The aim is to reach Rs 1.5 crore in revenues by the end of fiscal year 2017–18. Close to 40 percent of the firm’s revenues still come from events, and the firm has already made roughly Rs 18 lakh in the last five months this way.

Zeeshan says that this ratio will fall as they evolve and develop their tech platform MyCaptain.in in the next few months.

In the next seven months, the firm strives to achieve 20 percent month-on-month growth while scaling to a volume of more than 1,000 mentees.

On the technology front, the firm is also looking to integrate machine learning to understand user behaviour. This will further help users who are clueless about what session to take to narrow down on a decision.

Zeeshan says,

It has been an amazing experience so far having started up in college, faced bankruptcy and debt, getting out of it and bootstrapping to a revenue of over Rs 30 lakh over the last 18 months, having seen a change of team, and finally getting incubated by NSRCEL.

The firm claims to be profitable as of now.

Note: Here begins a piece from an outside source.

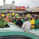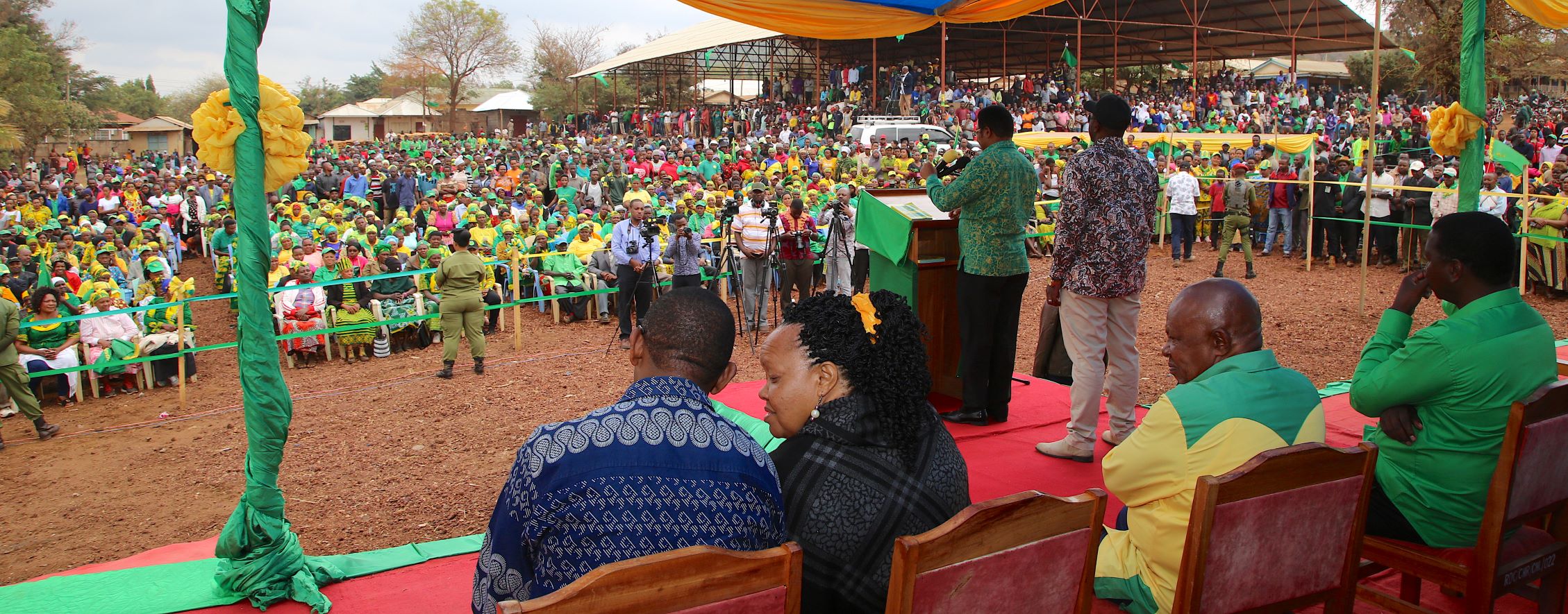 Wananchi wa Rombo wakimshangilia Mjumbe wa Kamati Kuu ya CCM Taifa na Waziri Mkuu, Kassim Majaliwa wakati alipohutubia mkutano wa kampeni kwenye uwanja wa Sokoni, Holili wilayani Rombo.

From Climber's Indian Youth Conclave
From Climber's Indian Youth Conclave

The scenario

Edtech startups are clearly disrupting India’s education scenario. Byju’s just raised a heavy round of $50 million from Mark Zuckerberg and Priscilla Chan’s The Chan Zuckerberg Initiative (CZI) and Sequoia Capital, dropping the funding spark in this segment.

However, career counselling is an interesting field to disrupt with millions of children in India facing similar issues. Further, looking at the edutech scenario, it is high time that career counselling moved online.

Vedantu, Simplilearn, Toppr, Iprof, Meritnation and Talentedge are some of the well-known names in the industry.

In the last year ending March 31, the edtech segment raised $85 million.

Climber seems to be in certain aspects be closer to certification preparation portal Simplilearn in terms of mentorship. However, Simplilearn seems to have an evolved model of specialisations for career growth rather than career counselling.